Burr's face never changed expression. He waited patiently, then asked quite warmly, "Are you finished, Mrs. Tutwiler?" There were other things she wanted to say, but it dawned on her that perhaps this was not the place. "Yes," she said, almost in a whisper.
"Thank you. Responses such as yours are vital to the jury selection process. Thank you very much. You may now sit down."
She glanced around as if some of the others should stand and fight with her, but left alone, she dropped to her seat. She might as well have left the courtroom.
Cable quickly pursued less sensitive matters. He asked a lot of questions, provoked a few responses, and gave his body language experts much to chew on. He finished at noon, just in time for a quick lunch. Harkin asked the panel to return at three, but told the lawyers to eat fast and return in forty-five minutes.
At one o'clock, with the courtroom empty and locked and the lawyers crowded tightly in bunches around their tables, Jonathan Kotlack stood and informed the court that "The plaintiff will accept juror number one." No one seemed surprised. Everyone wrote something on a printout, including His Honor, who, after a slight pause, asked, "The defense?"

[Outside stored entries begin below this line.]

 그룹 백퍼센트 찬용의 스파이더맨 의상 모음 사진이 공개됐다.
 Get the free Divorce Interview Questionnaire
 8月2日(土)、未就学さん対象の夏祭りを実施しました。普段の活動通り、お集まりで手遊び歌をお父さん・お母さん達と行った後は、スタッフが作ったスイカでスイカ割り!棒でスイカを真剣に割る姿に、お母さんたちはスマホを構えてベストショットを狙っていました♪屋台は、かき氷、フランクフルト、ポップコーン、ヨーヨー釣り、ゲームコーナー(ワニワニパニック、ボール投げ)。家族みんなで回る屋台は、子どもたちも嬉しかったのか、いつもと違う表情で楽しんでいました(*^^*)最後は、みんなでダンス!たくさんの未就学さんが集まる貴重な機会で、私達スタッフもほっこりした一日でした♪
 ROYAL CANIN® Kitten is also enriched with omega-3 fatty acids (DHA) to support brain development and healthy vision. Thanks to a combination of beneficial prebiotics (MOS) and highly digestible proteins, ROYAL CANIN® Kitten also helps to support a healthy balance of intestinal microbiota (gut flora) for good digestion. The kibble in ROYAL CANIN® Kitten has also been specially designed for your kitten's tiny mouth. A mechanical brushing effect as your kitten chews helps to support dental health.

"The defense will accept number one." Not much of a surprise. Number one was Rikki Coleman, a young wife and mother of two who'd never smoked and worked as a records administrator in a hospital. Kotlack and crew rated her as a 7 out of 10 based on her written answers, her background in health care, her college degree, and her keen interest in everything that had been said so far. The defense rated her as a 6, and would've passed on her but for a string of serious undesirables forthcoming further down row one.
"That was easy," Harkin mumbled under his breath. "Moving right along. Juror number two, Raymond C. LaMonette." Mr. LaMonette was the first strategical skirmish of jury selection. Neither side wanted him-both rated him 4.5. He smoked heavily but was desperate to quit. His written answers were thoroughly indecipherable and utterly useless. The body linguists on both sides reported that Mr. LaMonette hated all lawyers and all things related to them. He'd nearly been killed years earlier by a drunk driver. His lawsuit netted him nothing.

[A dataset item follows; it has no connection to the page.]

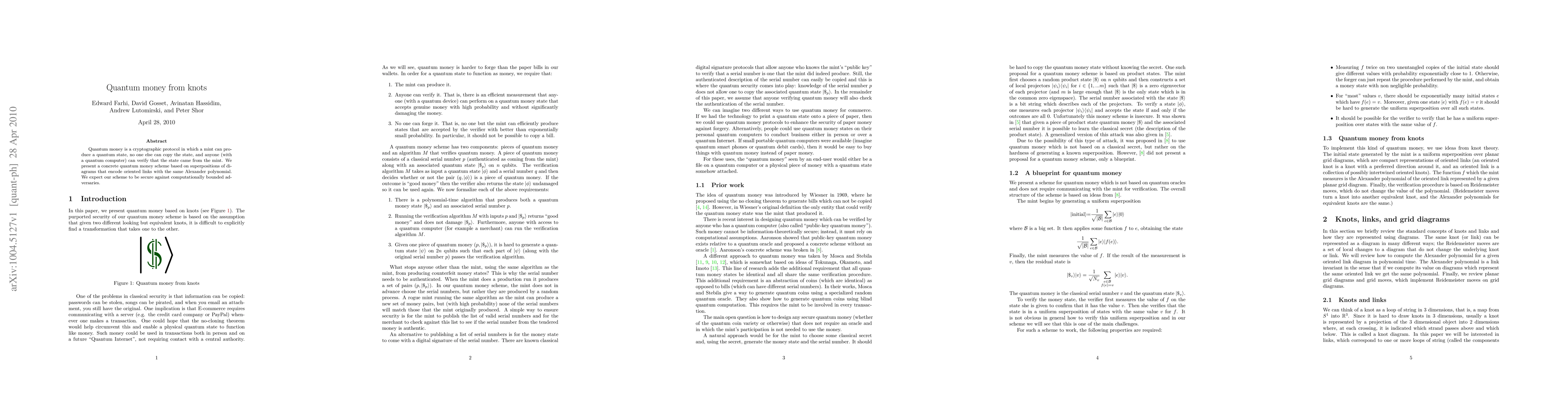 This paper proposes a quantum money scheme using superpositions of diagrams encoding oriented links with identical Alexander polynomials. The scheme is designed to be secure against adversaries with limited computational power.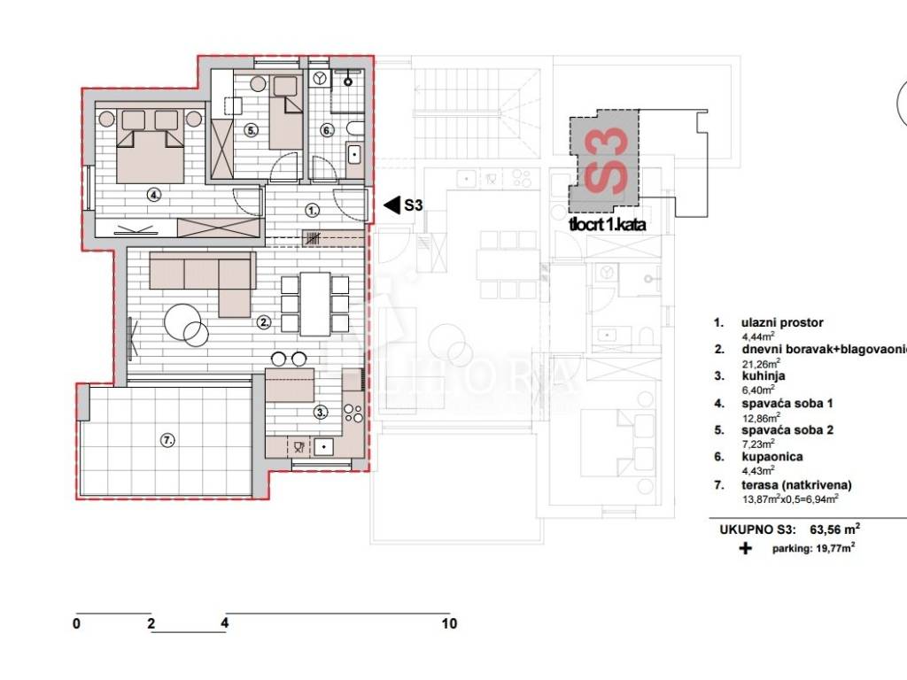 Primošten – Top-quality apartment with spacious terrace, and panoramic view. Situated in a peaceful, elevated location above Primošten, this modern apartment in the 1st floor of a new residential building offers a breathtaking panoramic view of the sea and the picturesque town. The building is designed to the highest contemporary living standards and positioned ideally – easily accessible by car, close to all public amenities, yet set back enough to provide privacy and tranquility. The apartment offers a total usable area of 73,45m² and is oriented to the southwest. It consists of an entrance hall, a modern bathroom, two comfortable bedrooms, and a spacious living area with access to a large terrace of 13,87m². Designed with a focus on quality and comfort, the apartment includes: underfloor heating, high-quality aluminum/PVC joinery with insect screens and electric roller shutters, premium ceramic tiles and first-class parquet flooring a garage parking space of 14,36 m² equipped with an electric vehicle charging station (already installed). The building is currently under construction, with completion and move-in expected by summer 2026. The distance to the nearest beach is approximately 1,250 m, and about 1,800 m to the center of Primošten.

Under the rules of jury selection, each side was granted a number of peremptory challenges, or strikes as they were called, which could be used to ax potential jurors for no reason whatsoever. Because of the importance of this case, Judge Harkin had granted each side ten strikes, up from the customary four. Both wanted to cut LaMonette, but both needed to save their strikes for more objectionable faces.
The plaintiff was required to go first, and after a brief delay, Kotlack said, "The plaintiff will strike number two."
"That's peremptory challenge number one for the plaintiff," Harkin said, making a note. A small victory for the defense. Based on a last-second decision, Durr Cable had been prepared to strike him as well.